> WORK TASK
The reply should reproduce every line of the data below word for word, minus any images.

Saved entries
★ ★ ★ ★ ★

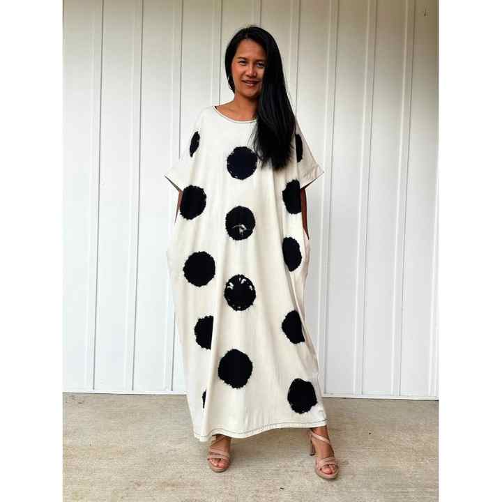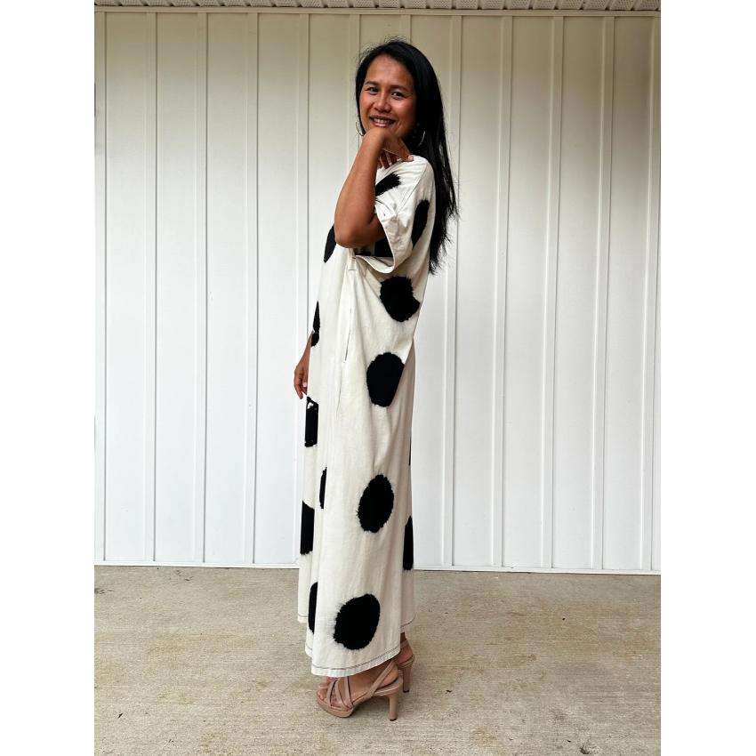 ชุดเดรสยาวลายจุดธรรมชาติแบบเป็นมิตรต่อสิ่งแวดล้อมสำหรับผู้หญิง ทรงหลวม สวมใส่สบาย
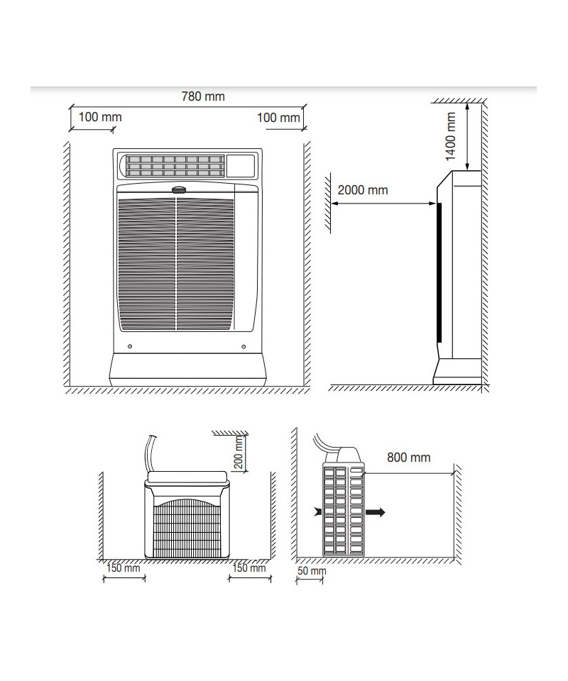 Reprise d'air frontale permettant de placer l'appareil entre 2 murs
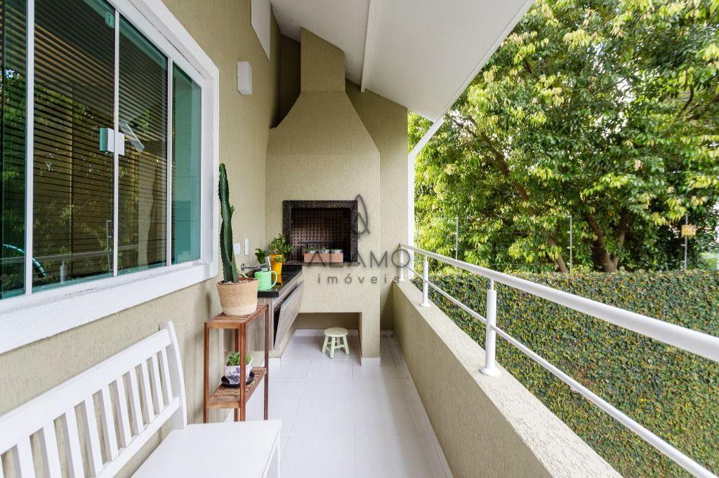 Destaque para a varanda com churrasqueira integrada a sla de jantar, perfeita para receber amigos e familiares, além do jardim frontal que valoriza a fachada e proporciona um ambiente ao sol.
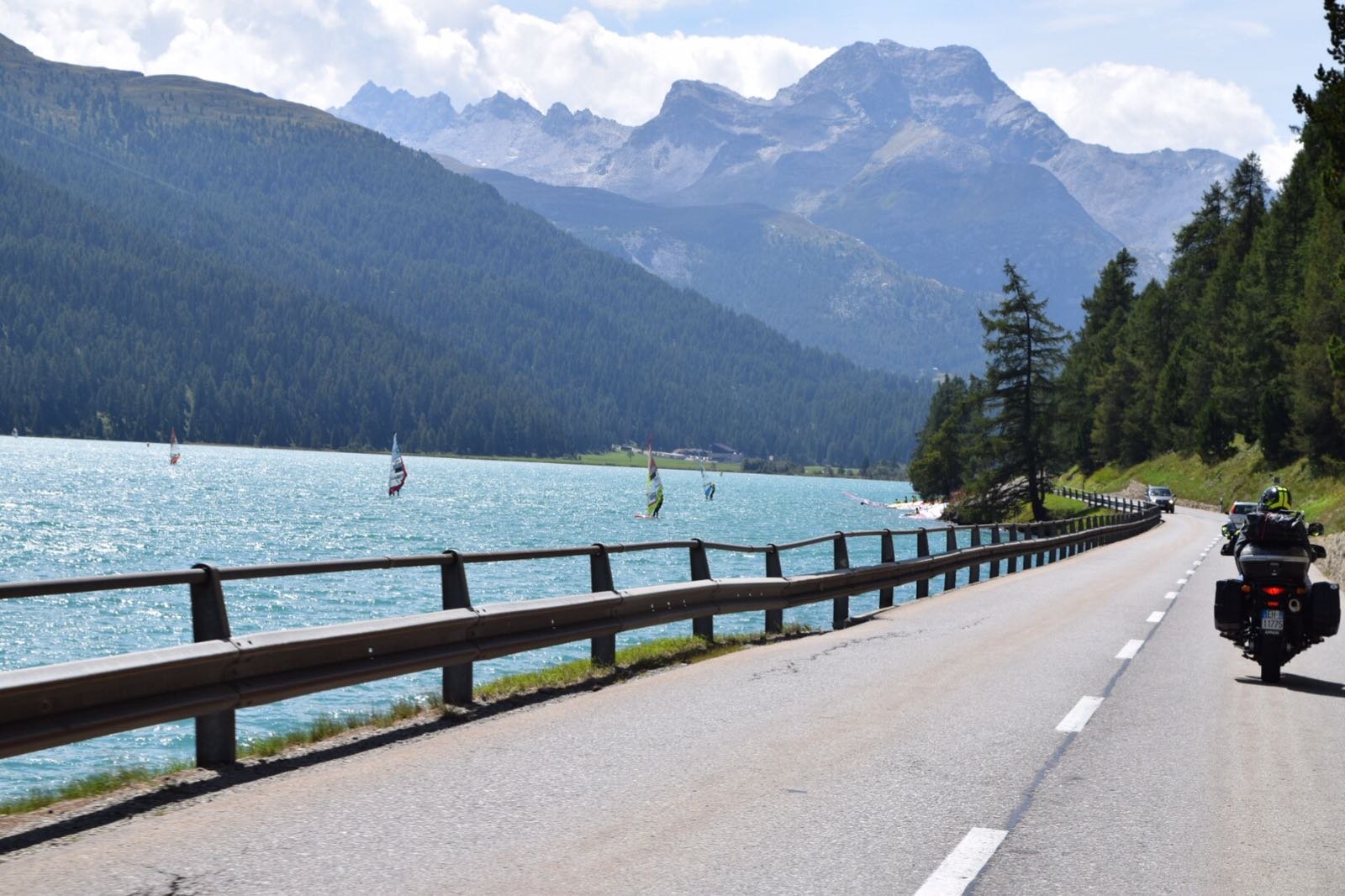 e dopo un po di bella strada al fianco di pascoli di mucche e pecore arriviamo a Saint Moritz bella cittadina ma non mi ha emozionato, però ho mangiato un hot dog leccornioso… Non troppo economico ma ne è valsa la pena … e poi ero un debito dallo Stelvio.
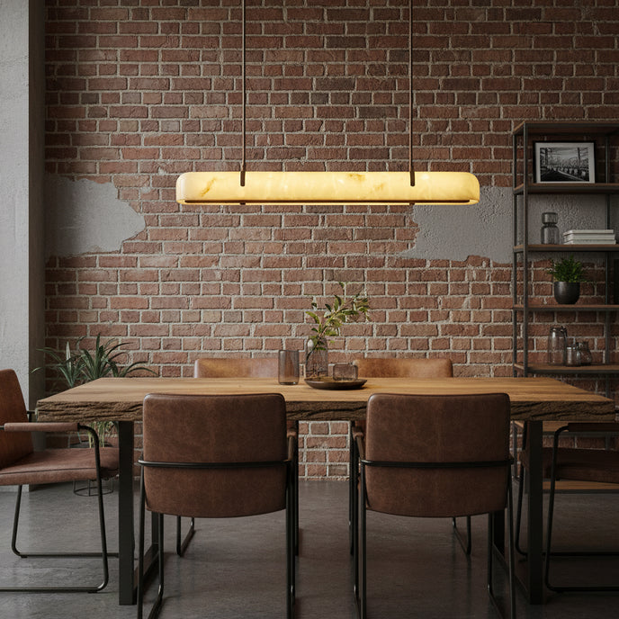 The Deleazo Pendant Lamp by Mooijane embodies minimalist elegance through a harmonious balance of form and material. Crafted from metal and simulated alabaster, its surface reveals a soft, natural texture that evokes the beauty of stone. A warm, diffused glow radiates from within, creating an atmosphere of calm sophistication. Supported by a brushed metal stem, this pendant lamp adds a touch of understated luxury to dining rooms, kitchen islands, and modern living spaces.
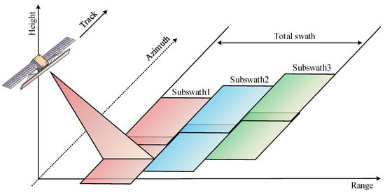As an important technology based on stripmap SAR, ScanSAR has been applied in many spaceborne SAR systems. Figure 1 shows the working mechanism of spaceborne ScanSAR. Unlike the fixed antenna pointing of stripmap SAR, ScanSAR can obtain several times the range swath of stripmap SAR by switching radar beams within a preset angle range. The antenna scans from different subswaths in turn.
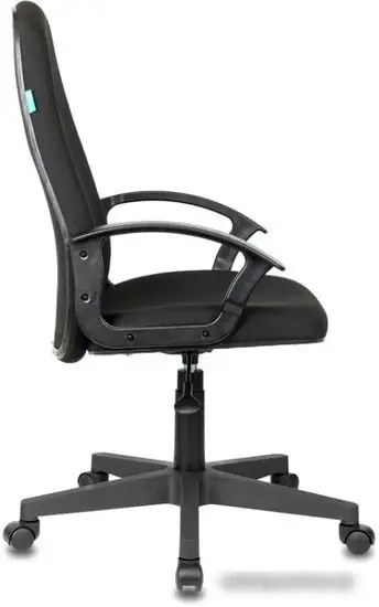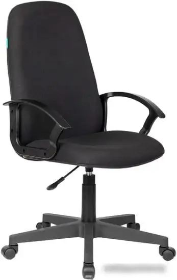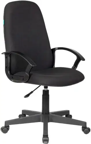 Кресло Бюрократ CH-808LT черного цвета подходит для руководителей и работает на тканевой обивке сиденья и спинки. Оно оснащено пластиковыми подлокотниками и крестовиной, что обеспечивает стабильность и удобство. Кресло имеет газовую пружину для регулировки высоты сиденья и пластиковые ролики, подходящие для ковролина. Максимальная нагрузка составляет 120 кг, что делает его надежным и прочным. У кресла отсутствует механизм качания и фиксированная спинка, поэтому оно лучше подходит для статической работы. Основные размеры включают ширину спинки 49,5 см и высоту от 43 до 54 см. Это простое и удобное кресло для офисных задач.
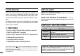 TROUBLESHOOTING PROBLEM POSSIBLE CAUSE SOLUTION 9 REF. The transceiver does • Bad connection to the power supply. not turn ON. • Check the connection to the transceiver. p. 31 No sound from speaker. • Squelch level is too high. • Volume level is too low. • Speaker has been exposed to water. • Set squelch to the threshold point. • Set [VOL] to a suitable level. • Drain water from the speaker. p. 7 p. 7 p. 9 pgs. 5, Transmitting is impossi- • Some channels are for low power or re- • Change channels.
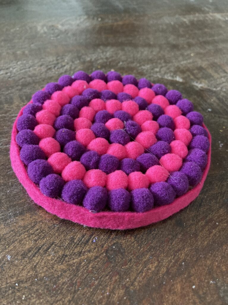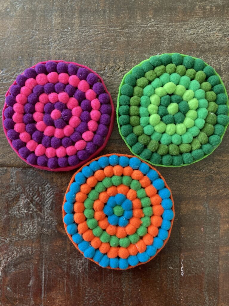 These Pom Pom coasters can be used as decorative gifts. They are more fiddly to make than a lot of other crafts that my kids and I have done. However for older kids this is a good project. The hot glue can get pretty HOT so smaller children will need help with this.
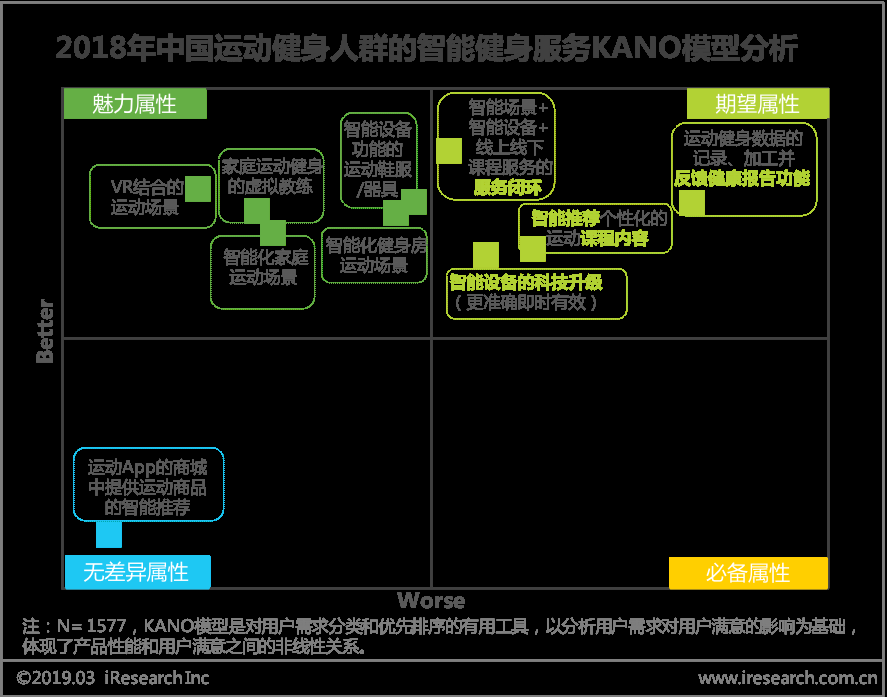 从运动健身智能服务的KANO模型分析结果来看,“运动健身数据记录、加工并反馈健康报告功能,智能场景+智能设备+线上线下课程服务的服务闭环,智能推荐个性化的运动课程内容,智能设备的科技升级”是用户的重要期望属性,企业应优先考虑改善和发展该类服务。
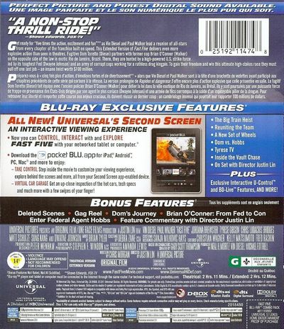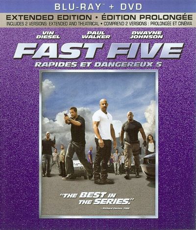Get ready for “five times the action, excitement and fun” as Vin Diesel and Paul Walker lead a reunion of all-stars from every chapter of the franchise built on speed. This Extended Version of Fast Five delivers even more explosive action than seen in theaters. Fugitive Dom Toretto (Diesel) partners with former cop Brian O’Conner (Walker) on the opposite side of the law in exotic Rio de Janeiro, Brazil. There, they are hunted by a high-powered U.S. strike force led by its toughest Fed (Dwayne Johnson) and an army of corrupt cops working for a ruthless drug kingpin. To gain their freedom and win this ultimate high-stakes race they must pull off one last job - an insane heist worth $100 million.Préparez-vous a "cinq fois plus d'action, d'émotions fortes et de divertissement", alors que Vin Diesel et Paul Walker sont à la tète d'une brochette de vedettes ayant participé aux chapitres précédents de cette série qui carbure à la vitesse. La version prolongée de Rapides et Dangereux 5 offre encore plus d'action explosive que celle présentée en salle. Le fugitif Dom Toretto (Diesel) fait équipe avec l'ancien policier Brian O'Conner (Walker) pour défier la loi dans la ville exotique de Rio de Janeiro, au Brésil. Ils y sont poursuivis par une puissante force de frappe en provenance des États-Unis dirigée par son agent le plus coriace (Dwayne Johnson) et une armée de flics corrompus à la solde d'un impitoyable pilier de la drogue. Pour retrouver leur liberté et remporter cette course aux enjeux cruciaux, ils doivent réussir un dernier coup: un cambriolage qui pourrait leur rapporter 100 millions de dollars.
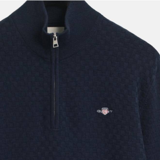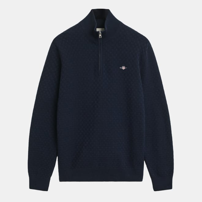 Made from textured cotton knit and tailored to a regular fit, this half-zip sweater boasts an embroidered GANT shield graphic on the chest. It's an ideal layering piece for year-round wear. This product is made with a majority of organic cotton. Organic cotton reduces the environmental footprint and promotes safe work and better livelihoods. -
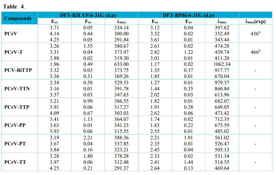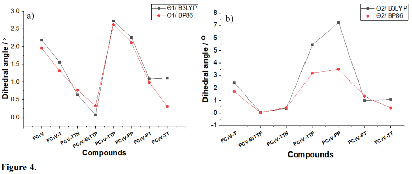 It is noticed that the dihedral angle q. between the electron donor groups and the spacer for all compounds varies between 0.5 and 2.75°. Regardless of the study functional (B3LYP and BP86) except the dihedral angle of the PCrV-BiTTP oligomer for both functionals (0.01° for the B3LYP functional and 0.35° for the BP86 functional), i.e., the PCrV-BiTTP oligomer is almost coplanar, when the geometries are optimized by the B3LYP functional. On the other hand, for both functionals (B3LYP and BP86) the values of the dihedral angle q. between the spacer and the R groups for the PCrV-BiTTP oligomer is 0.02° for B3LYP and 0.03 for BP86. The values of the other oligomers show that the compounds studied have a noncoplanar structure especially for compounds having the PP, TTP, PT groups, this is probably due to the steric effect of the R groups.

★ ★ ★ ★ ★

> ANSWER BOX
 ชุดเดรสยาวลายจุดธรรมชาติแบบเป็นมิตรต่อสิ่งแวดล้อมสำหรับผู้หญิง ทรงหลวม สวมใส่สบาย
 Reprise d'air frontale permettant de placer l'appareil entre 2 murs
 Destaque para a varanda com churrasqueira integrada a sla de jantar, perfeita para receber amigos e familiares, além do jardim frontal que valoriza a fachada e proporciona um ambiente ao sol.
 e dopo un po di bella strada al fianco di pascoli di mucche e pecore arriviamo a Saint Moritz bella cittadina ma non mi ha emozionato, però ho mangiato un hot dog leccornioso… Non troppo economico ma ne è valsa la pena … e poi ero un debito dallo Stelvio.
 The Deleazo Pendant Lamp by Mooijane embodies minimalist elegance through a harmonious balance of form and material. Crafted from metal and simulated alabaster, its surface reveals a soft, natural texture that evokes the beauty of stone. A warm, diffused glow radiates from within, creating an atmosphere of calm sophistication. Supported by a brushed metal stem, this pendant lamp adds a touch of understated luxury to dining rooms, kitchen islands, and modern living spaces.
As an important technology based on stripmap SAR, ScanSAR has been applied in many spaceborne SAR systems. Figure 1 shows the working mechanism of spaceborne ScanSAR. Unlike the fixed antenna pointing of stripmap SAR, ScanSAR can obtain several times the range swath of stripmap SAR by switching radar beams within a preset angle range. The antenna scans from different subswaths in turn.
 Кресло Бюрократ CH-808LT черного цвета подходит для руководителей и работает на тканевой обивке сиденья и спинки. Оно оснащено пластиковыми подлокотниками и крестовиной, что обеспечивает стабильность и удобство. Кресло имеет газовую пружину для регулировки высоты сиденья и пластиковые ролики, подходящие для ковролина. Максимальная нагрузка составляет 120 кг, что делает его надежным и прочным. У кресла отсутствует механизм качания и фиксированная спинка, поэтому оно лучше подходит для статической работы. Основные размеры включают ширину спинки 49,5 см и высоту от 43 до 54 см. Это простое и удобное кресло для офисных задач.
 TROUBLESHOOTING PROBLEM POSSIBLE CAUSE SOLUTION 9 REF. The transceiver does • Bad connection to the power supply. not turn ON. • Check the connection to the transceiver. p. 31 No sound from speaker. • Squelch level is too high. • Volume level is too low. • Speaker has been exposed to water. • Set squelch to the threshold point. • Set [VOL] to a suitable level. • Drain water from the speaker. p. 7 p. 7 p. 9 pgs. 5, Transmitting is impossi- • Some channels are for low power or re- • Change channels.
 These Pom Pom coasters can be used as decorative gifts. They are more fiddly to make than a lot of other crafts that my kids and I have done. However for older kids this is a good project. The hot glue can get pretty HOT so smaller children will need help with this.
 从运动健身智能服务的KANO模型分析结果来看,“运动健身数据记录、加工并反馈健康报告功能,智能场景+智能设备+线上线下课程服务的服务闭环,智能推荐个性化的运动课程内容,智能设备的科技升级”是用户的重要期望属性,企业应优先考虑改善和发展该类服务。
Get ready for “five times the action, excitement and fun” as Vin Diesel and Paul Walker lead a reunion of all-stars from every chapter of the franchise built on speed. This Extended Version of Fast Five delivers even more explosive action than seen in theaters. Fugitive Dom Toretto (Diesel) partners with former cop Brian O’Conner (Walker) on the opposite side of the law in exotic Rio de Janeiro, Brazil. There, they are hunted by a high-powered U.S. strike force led by its toughest Fed (Dwayne Johnson) and an army of corrupt cops working for a ruthless drug kingpin. To gain their freedom and win this ultimate high-stakes race they must pull off one last job - an insane heist worth $100 million.Préparez-vous a "cinq fois plus d'action, d'émotions fortes et de divertissement", alors que Vin Diesel et Paul Walker sont à la tète d'une brochette de vedettes ayant participé aux chapitres précédents de cette série qui carbure à la vitesse. La version prolongée de Rapides et Dangereux 5 offre encore plus d'action explosive que celle présentée en salle. Le fugitif Dom Toretto (Diesel) fait équipe avec l'ancien policier Brian O'Conner (Walker) pour défier la loi dans la ville exotique de Rio de Janeiro, au Brésil. Ils y sont poursuivis par une puissante force de frappe en provenance des États-Unis dirigée par son agent le plus coriace (Dwayne Johnson) et une armée de flics corrompus à la solde d'un impitoyable pilier de la drogue. Pour retrouver leur liberté et remporter cette course aux enjeux cruciaux, ils doivent réussir un dernier coup: un cambriolage qui pourrait leur rapporter 100 millions de dollars.
 Made from textured cotton knit and tailored to a regular fit, this half-zip sweater boasts an embroidered GANT shield graphic on the chest. It's an ideal layering piece for year-round wear. This product is made with a majority of organic cotton. Organic cotton reduces the environmental footprint and promotes safe work and better livelihoods. -
 It is noticed that the dihedral angle q. between the electron donor groups and the spacer for all compounds varies between 0.5 and 2.75°. Regardless of the study functional (B3LYP and BP86) except the dihedral angle of the PCrV-BiTTP oligomer for both functionals (0.01° for the B3LYP functional and 0.35° for the BP86 functional), i.e., the PCrV-BiTTP oligomer is almost coplanar, when the geometries are optimized by the B3LYP functional. On the other hand, for both functionals (B3LYP and BP86) the values of the dihedral angle q. between the spacer and the R groups for the PCrV-BiTTP oligomer is 0.02° for B3LYP and 0.03 for BP86. The values of the other oligomers show that the compounds studied have a noncoplanar structure especially for compounds having the PP, TTP, PT groups, this is probably due to the steric effect of the R groups.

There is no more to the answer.